Goldman Sachs is no different then any other company. Do you not think that Starbucks ponders how much their customer saps will pay for a cup of coffee and is not desperately trying to figure out ways to get them to pay more. It probably doesn't cost them more then $0.20 to produce it. Does Lululemon management give a crud about their customers when they charge 5 times what it cost them to make the products they sell them. Has anyone ever bought a car lately and felt that the salesman was actually working in your interest.

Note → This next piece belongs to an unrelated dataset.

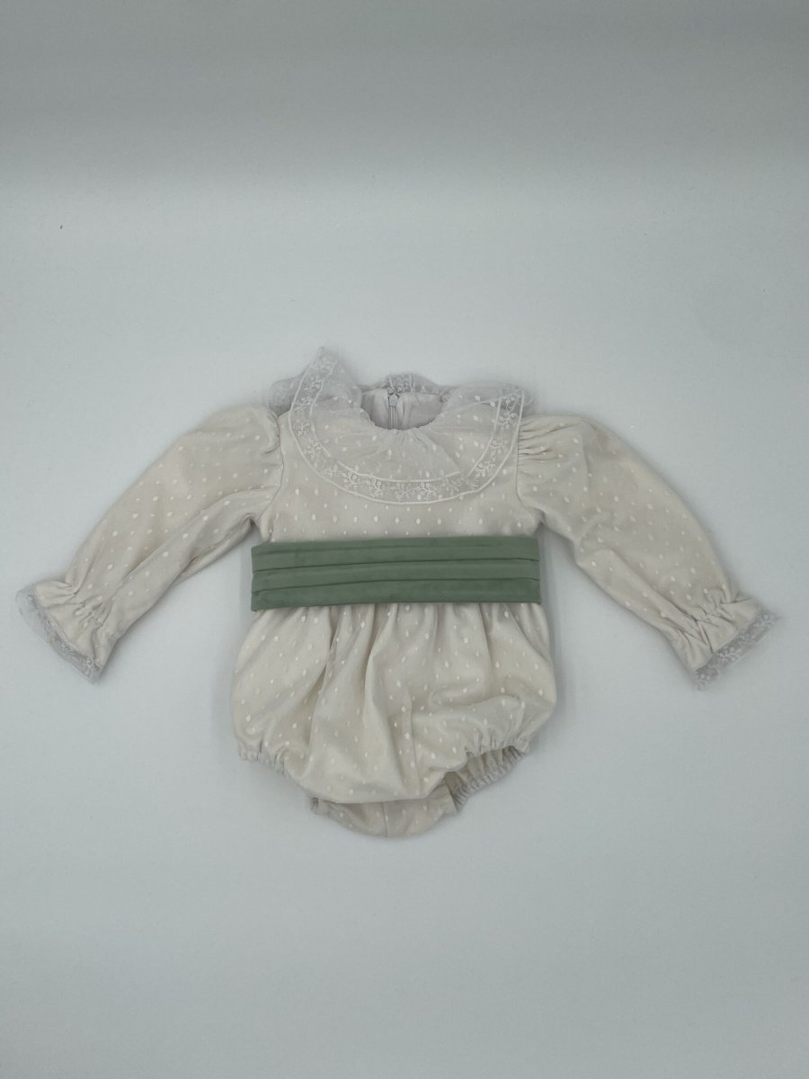 Pagliaccetto in velluto rivestito in tulle pois con cintura verde salvia

I feel sorry that Goldman Sachs has to take the brunt of the people's anger towards capitalism.


----------



## Spidey (May 11, 2009)

OptsyEagle said:


> Goldman Sachs is no different then any other company. Do you not think that Starbucks ponders how much their customer saps will pay for a cup of coffee and is not desperately trying to figure out ways to get them to pay more. It probably doesn't cost them more then $0.20 to produce it. Does Lululemon management give a crud about their customers when they charge 5 times what it cost them to make the products they sell them. Has anyone ever bought a car lately and felt that the salesman was actually working in your interest.
> 
> I feel sorry that Goldman Sachs has to take the brunt of the people's anger towards capitalism.



I think the difference is that a company like Starbucks has a more clear-cut business model - you can see exactly what you are paying for. The trouble that arises with investment companies is that people are lead to believe that they are paying for a consultant and instead often get a salesman. I'm just not sure that a commission structure is the best model in a situation involving a person's life savings. A straight consulting fee would be much more appropriate, but also not likely to be initiated as it would be far less profitable as it would lead to the sale of lower expense investments. (And admittedly much of this problem is also due to the general financial ignorance of the general public.)


----------



## kcowan (Jul 1, 2010)

Spidey said:


> (And admittedly much of this problem is also due to the general financial ignorance of the general public.)


like when people call their stock broker a financial advisor? That is like calling your car salesman a transportation advisor! Maybe we should start calling GS a fund advisor...


----------



## Echo (Apr 1, 2011)

I preferred this take on Smith's resignation - http://deadspin.com/5893181/bronze-medal-ping-pong-god-bravely-resigns-from-goldman-sachs


----------



## KaeJS (Sep 28, 2010)

It was painful for me to read that article.

At $400k/year, you're nuts to leave any job. Sorry.

And what's all this talk about "not having time to enjoy life"?

If you make $400k/year for 10 years.... how are you going to tell me you don't have enough time to enjoy life? You could retire if you wanted.


----------



## bayview (Nov 6, 2011)

@kaeJ. It depends although the money looks good. But i have seen marriages broken and lives lost because invt banking in firms like Goldman can kill, literally. It is 24/7 and hi stress. One may not lived long enough to enjoy the hi payout


----------



## olivaw (Nov 21, 2010)

There are provable ethical failures that have happened at GS during a long and storied history. This is not one of them. This appears to be nothing more than an outbound employee bad mouthing his employer. It's not uncommon. 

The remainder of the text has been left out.